Outside of the property market risks that the scheme is tempting at present, it can also be argued that it is beginning to function in a manner that is counterproductive to the reason it was implemented in the first place.
Help to Buy, in its mortgage guarantee phase at least, was intended to help young aspiring homeowners who could afford monthly payments but not the high deposits that purchasing a property comes with, to enter onto the ladder. Its entire purpose was to make the process of acquiring a home for young people more financially attainable, and it can be argued that it is beginning to incur the reverse due to soaring levels of demand at a far higher rate than supply.
The issue of house building is perhaps a more important area that the Chancellor should address in his budget, because the reality is that levels of demand are completely outstripping supply, and this is the primary reason why property prices are rising so fast. As they continue to rise, the original people who were intended for the scheme will find themselves either having to take out a substantially higher degree of debt via their mortgage than they would prior to the schemes implementation, or will simply be unable to enter onto the property ladder because prices have risen too fast. In this sense it seems counterproductive, and indeed the notion of people taking out even higher levels of debt to purchase property that they can barely afford now, let alone when rates rise, is alarming indeed. 
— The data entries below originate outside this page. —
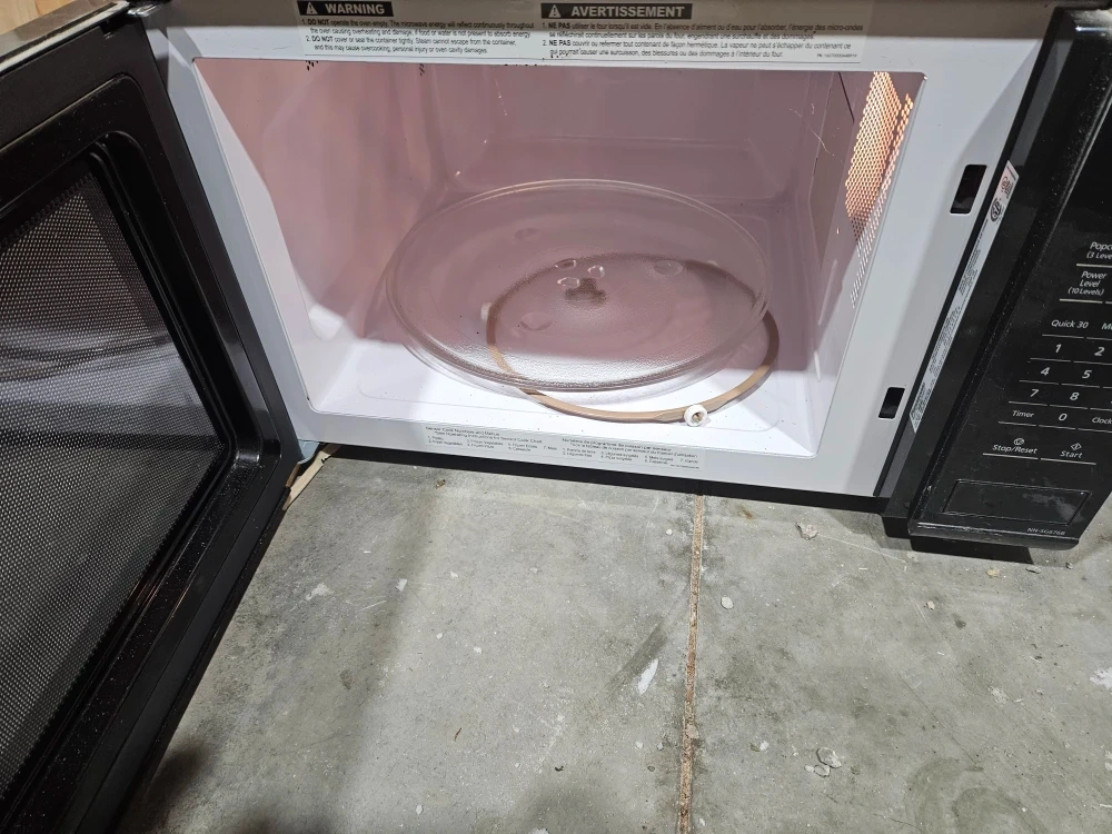 This is a black Panasonic microwave oven. It has a glass turntable inside. Comes with the power cord attached.
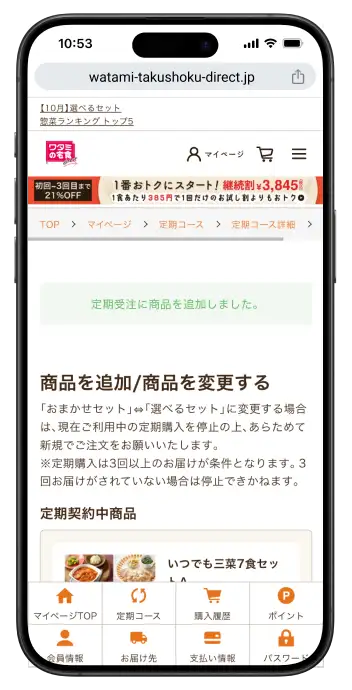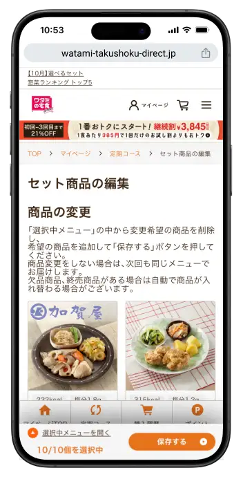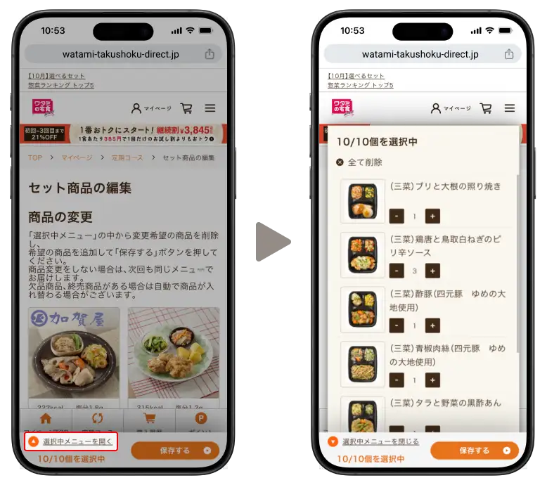 「選択中メニュー」の中から変更希望の商品を「-」で削除し、 希望の商品を「追加」して「保存する」を押してください。 商品変更をしない場合は、次回も同じメニューでお届けします。 欠品商品、終売商品がある場合は自動で商品が入れ替わる場合がございます。
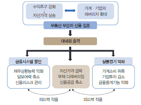 부동산 시장과 신용시장이 과도하게 연결된 지금의 상황에서는 부동산 가격이 급락할 경우 금융시스템 전반에 연쇄 충격이 발생할 수 있습니다. 담보가치 하락으로 금융기관의 대출 회수 가능성이 낮아지고, 기업과 가계의 부채 디레버리징(빚 줄이기) 압력이 커지면서 소비와 투자가 동반 위축될 수 있습니다.

When you factor in that when the average property price exceeds £300,000 that people will have to pay higher stamp duty and it is clear to see that Help to Buy is nearing the end of its sell by date. It is simply risking far more than it is improving, and politicians should surely take note of the previous demise in the property market and its causes when shaping policy towards the housing market at present.
It is for this reason, that the Chancellor should address this issue in his budget, and should remove the Help to Buy scheme, as having restored the property market to a credible extent, and most definitely brought consumer confidence back into it, there is no need to pursue with it when the money is far more needed in other areas, particularly in house building.